→ **To do**: In the listing below, a line holding "Números Telefónicos: 0212" and a line holding "閩侯縣人民武裝部政工科科長王" mark the range. Retype both exactly, with all lines between them.

→ **Input data**:

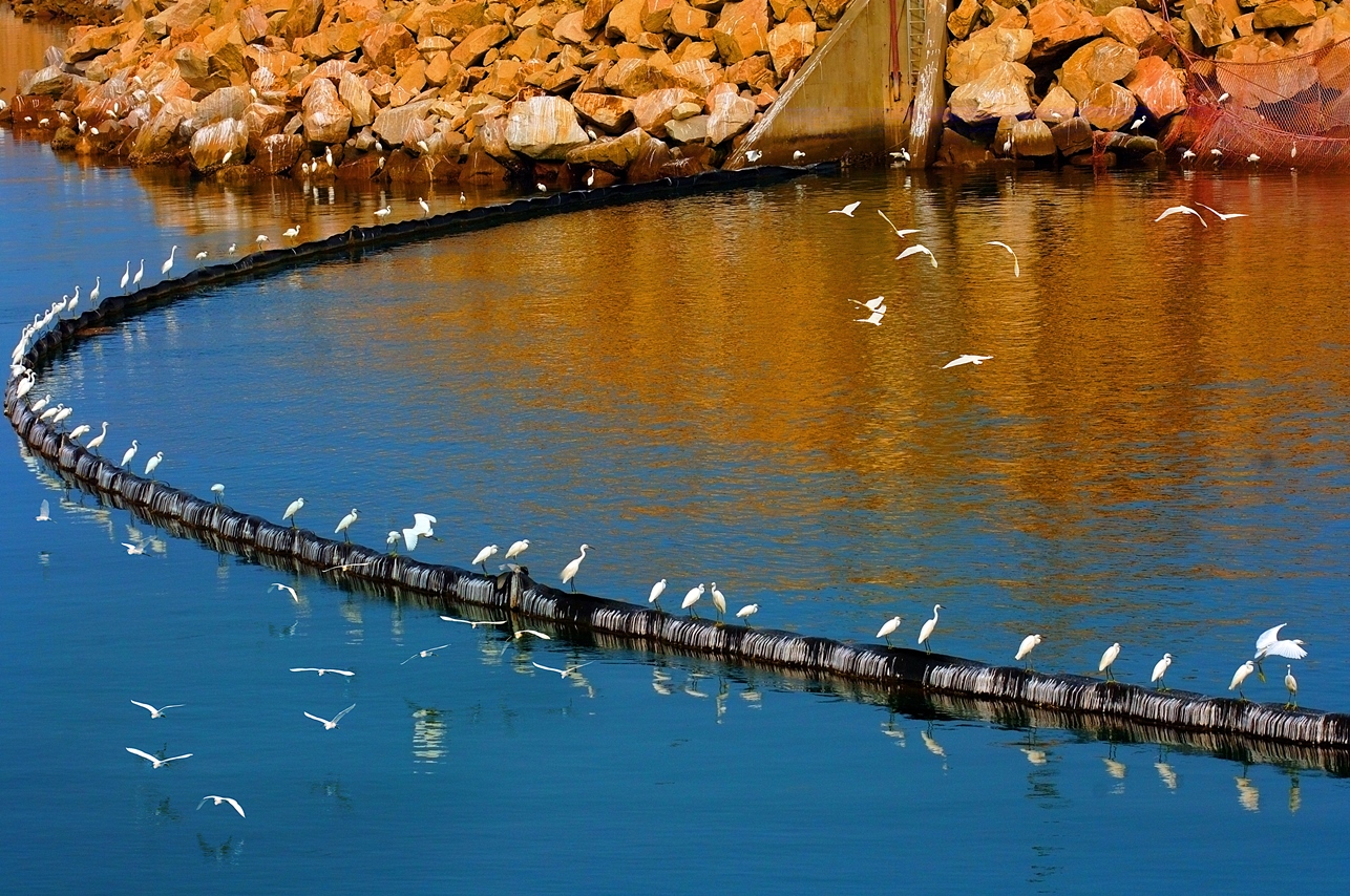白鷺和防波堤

* * *

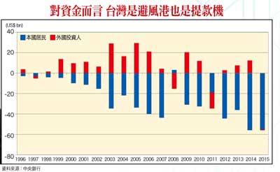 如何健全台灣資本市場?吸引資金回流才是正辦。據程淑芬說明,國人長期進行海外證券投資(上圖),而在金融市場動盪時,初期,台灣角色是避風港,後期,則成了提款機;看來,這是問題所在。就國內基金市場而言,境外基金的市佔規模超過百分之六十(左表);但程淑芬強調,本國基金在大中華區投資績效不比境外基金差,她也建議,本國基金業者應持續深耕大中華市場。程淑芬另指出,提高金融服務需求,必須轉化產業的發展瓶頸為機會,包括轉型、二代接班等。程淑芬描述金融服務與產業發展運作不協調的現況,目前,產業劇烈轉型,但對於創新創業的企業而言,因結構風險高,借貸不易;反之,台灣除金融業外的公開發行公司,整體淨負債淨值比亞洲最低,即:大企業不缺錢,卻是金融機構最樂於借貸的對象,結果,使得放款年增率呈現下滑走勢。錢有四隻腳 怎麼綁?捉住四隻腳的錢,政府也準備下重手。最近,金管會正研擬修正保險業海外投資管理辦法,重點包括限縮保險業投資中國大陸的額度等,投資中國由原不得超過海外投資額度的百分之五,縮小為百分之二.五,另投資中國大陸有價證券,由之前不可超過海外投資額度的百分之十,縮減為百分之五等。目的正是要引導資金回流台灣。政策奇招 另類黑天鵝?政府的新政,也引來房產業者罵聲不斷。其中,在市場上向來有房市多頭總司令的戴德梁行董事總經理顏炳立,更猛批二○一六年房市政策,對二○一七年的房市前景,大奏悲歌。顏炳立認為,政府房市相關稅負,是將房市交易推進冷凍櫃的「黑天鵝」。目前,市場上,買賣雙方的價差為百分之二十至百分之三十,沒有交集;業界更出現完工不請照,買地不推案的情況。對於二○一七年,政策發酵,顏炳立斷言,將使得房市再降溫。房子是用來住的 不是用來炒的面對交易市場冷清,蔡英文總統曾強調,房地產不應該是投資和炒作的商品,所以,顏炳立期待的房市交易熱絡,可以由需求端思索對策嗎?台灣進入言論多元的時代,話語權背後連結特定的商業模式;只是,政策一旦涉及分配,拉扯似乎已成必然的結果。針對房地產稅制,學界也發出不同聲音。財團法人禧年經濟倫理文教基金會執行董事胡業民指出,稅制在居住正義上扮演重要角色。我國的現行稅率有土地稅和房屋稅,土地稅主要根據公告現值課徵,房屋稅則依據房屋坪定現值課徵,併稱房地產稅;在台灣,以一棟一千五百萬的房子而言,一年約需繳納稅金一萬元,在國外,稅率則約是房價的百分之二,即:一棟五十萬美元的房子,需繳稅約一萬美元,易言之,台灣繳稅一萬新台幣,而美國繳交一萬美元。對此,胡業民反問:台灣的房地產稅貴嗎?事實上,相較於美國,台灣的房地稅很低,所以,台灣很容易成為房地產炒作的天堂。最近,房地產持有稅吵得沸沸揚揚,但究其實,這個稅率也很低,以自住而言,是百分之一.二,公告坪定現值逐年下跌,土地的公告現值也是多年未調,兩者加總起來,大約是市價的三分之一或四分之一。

--

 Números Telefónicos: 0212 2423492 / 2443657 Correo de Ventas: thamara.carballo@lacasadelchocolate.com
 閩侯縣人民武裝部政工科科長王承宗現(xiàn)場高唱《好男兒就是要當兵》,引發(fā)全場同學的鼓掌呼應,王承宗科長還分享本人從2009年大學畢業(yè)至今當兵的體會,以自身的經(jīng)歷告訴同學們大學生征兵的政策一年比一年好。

→ **Answer box**:
 Números Telefónicos: 0212 2423492 / 2443657 Correo de Ventas: thamara.carballo@lacasadelchocolate.com
 閩侯縣人民武裝部政工科科長王承宗現(xiàn)場高唱《好男兒就是要當兵》,引發(fā)全場同學的鼓掌呼應,王承宗科長還分享本人從2009年大學畢業(yè)至今當兵的體會,以自身的經(jīng)歷告訴同學們大學生征兵的政策一年比一年好。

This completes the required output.